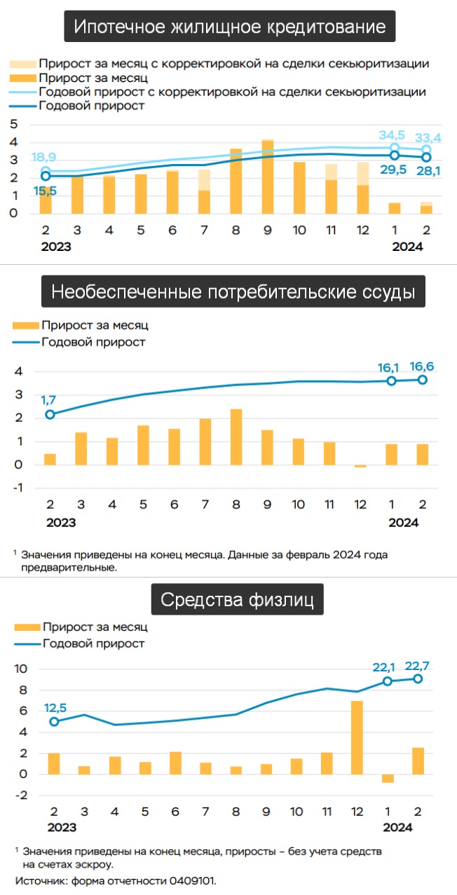 Получается, что улучшение материального положения (рост зарплат) на фоне дефицита трудовых ресурсов и крупных выплат тем кто пошёл служить по контракту позволяет с одной стороны откладывать больше денег открывая вклады под хороший процент. С другой стороны больше покупать, в том числе используя различные кредитные программы.
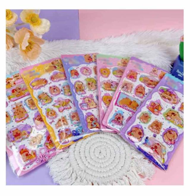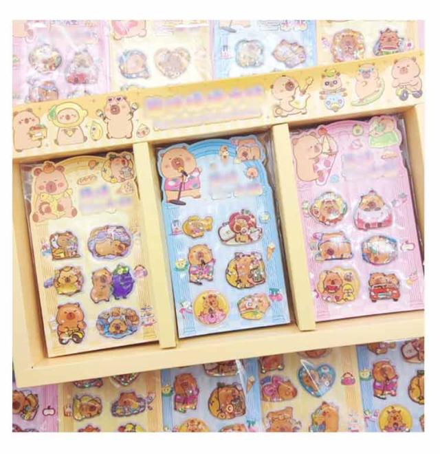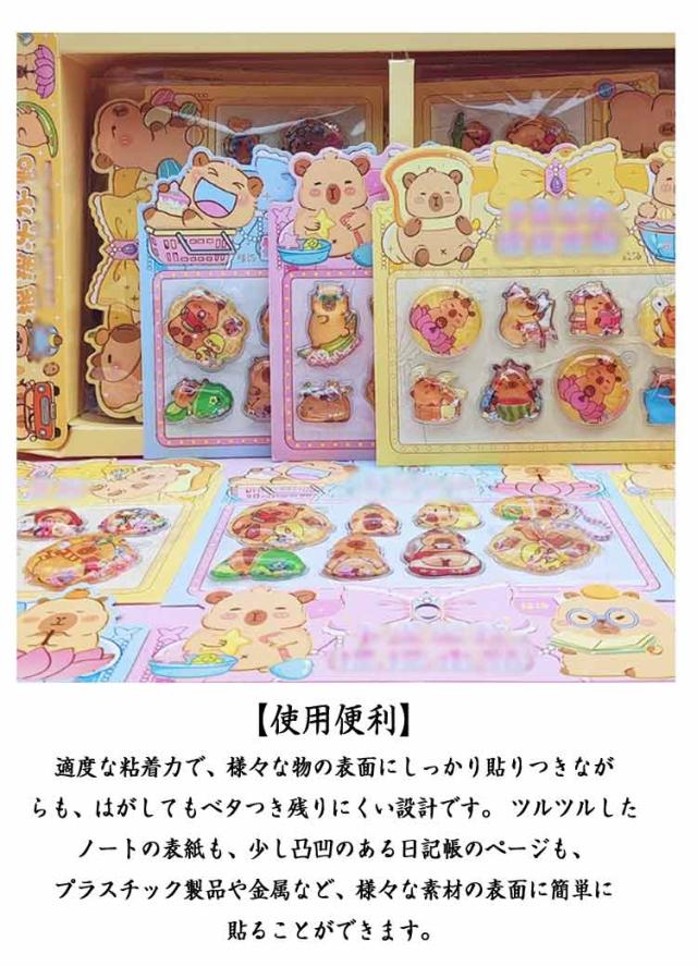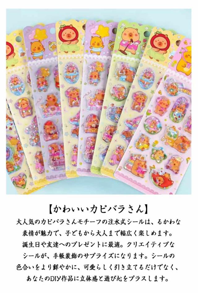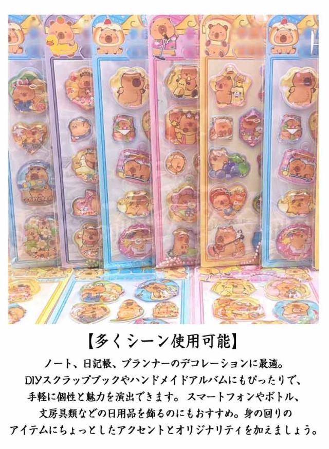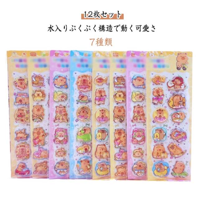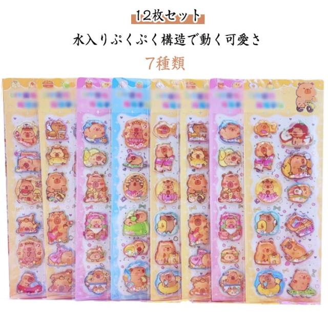 3D立体 手帳用装飾 水入りシール デコシール 水入りシール 12枚セット ぷくぷくシール シール帳 ウォーターシール 3D ぷっくり シャカシャカシール ぷっくりシール 精巧な柄 カピバラ DIY クリエイティブ ファッション 個性的 かわいい ウォーターインシール
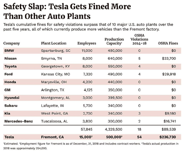 与此同时,根据《福布斯》的报道,特斯拉弗里蒙特工厂发生的可报告事故和接受的罚款是美国十大汽车制造商合计的三倍。特斯拉的弗里蒙特工厂一直也没有组建工会。
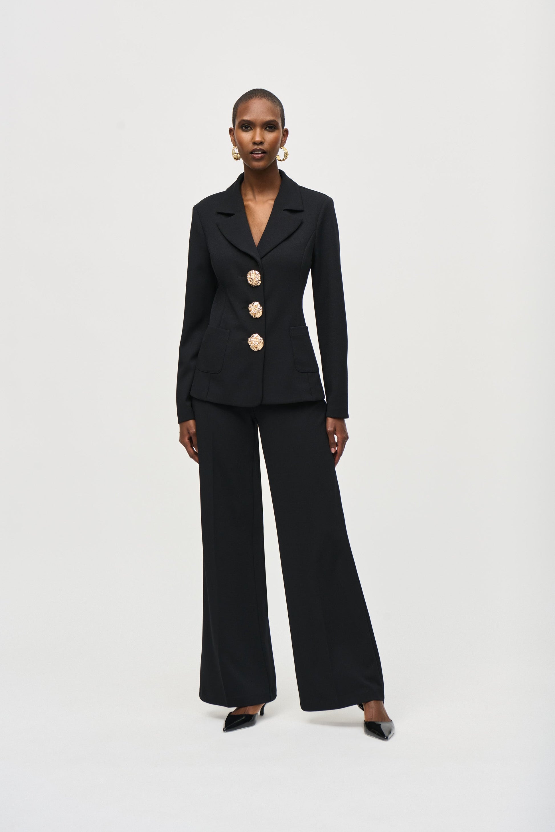 Confeccionados para irradiar un encanto clásico, estos pantalones largos de corte ancho elevan tu estilo con su patrón liso. Realzados con botones de buen gusto, definen el encanto femenino para una presencia inolvidable.
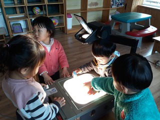 벽에 나타나는 그림자는 신기하고 재미있지요.. 아이들은 여러 놀잇감을 올려보며
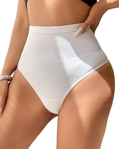 GAREDOB Women's Ribbed Cotton Thongs High Waist Thong Panties Plus Size High Rise Comfortable Thong
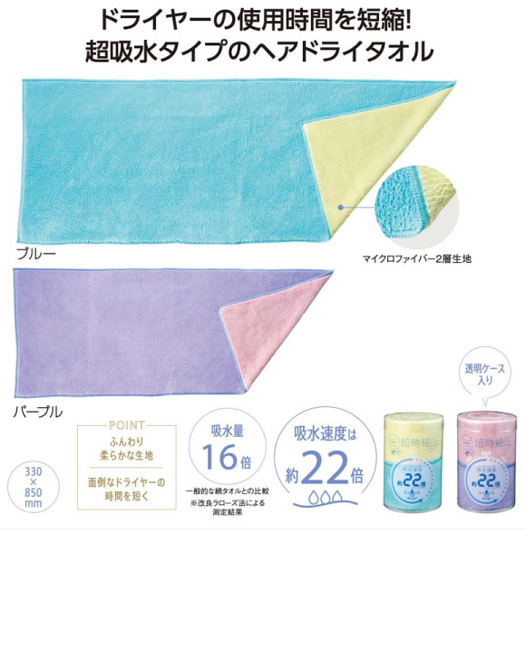 超時短ヘアドライタオルは吸水力の高いヘアドライ用のタオル。面倒なドライヤーの時間を短くしてくれます。ふんわり柔らかく触り心地のよい生地です。
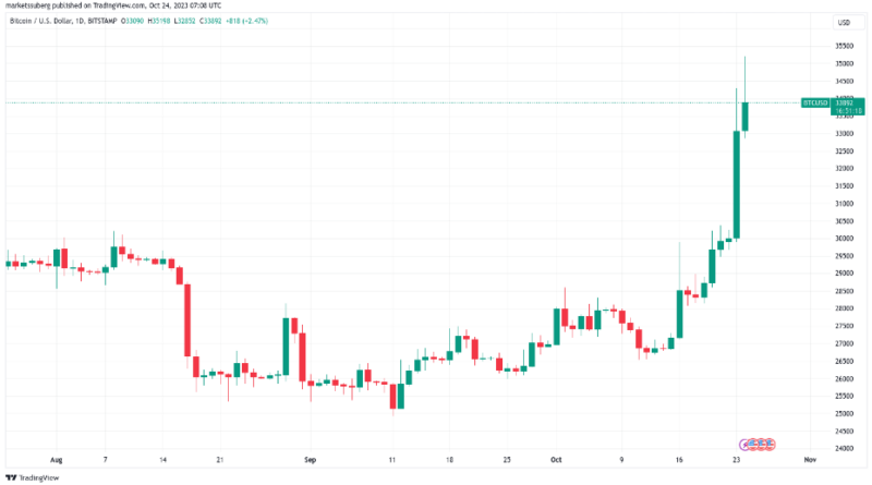 El sentiment del criptomercado alcanza su punto más alto desde el máximo histórico de BTC de USD 69,000
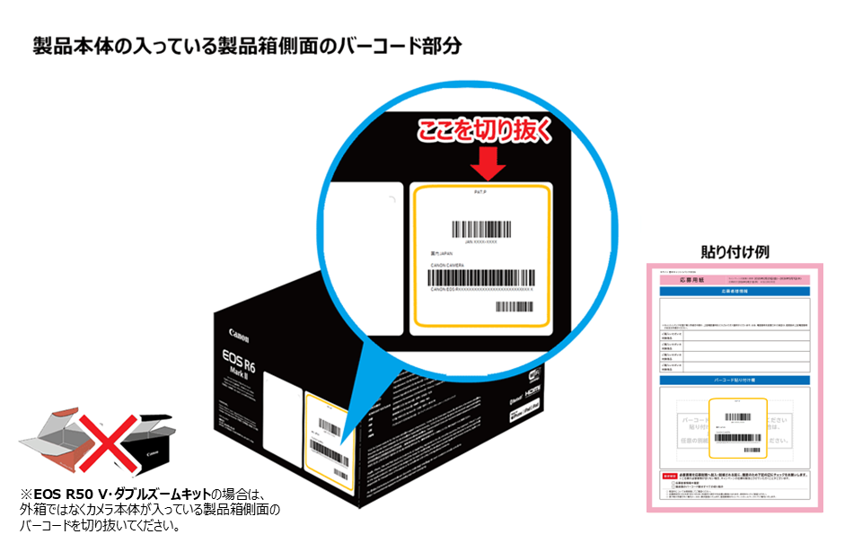 ただし、EOS R50 V・ダブルズームキット(ホワイト)、EOS R50 V・RF-S14-30 IS STM PZレンズキット(ホワイト)は、キャンペーン開始日までのご予約分もキャッシュバック対象となります。
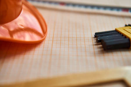 Helmet, desktop, drawings, rulers, construction, engineering.

========

- [WHAT NEEDS TO BE DONE]: Restate word for word only the lines from the one with "El sentiment del" through the last line of the material, both included. Any picture should be left out.

- [TASK OUTPUT]:
 El sentiment del criptomercado alcanza su punto más alto desde el máximo histórico de BTC de USD 69,000
 ただし、EOS R50 V・ダブルズームキット(ホワイト)、EOS R50 V・RF-S14-30 IS STM PZレンズキット(ホワイト)は、キャンペーン開始日までのご予約分もキャッシュバック対象となります。
 Helmet, desktop, drawings, rulers, construction, engineering.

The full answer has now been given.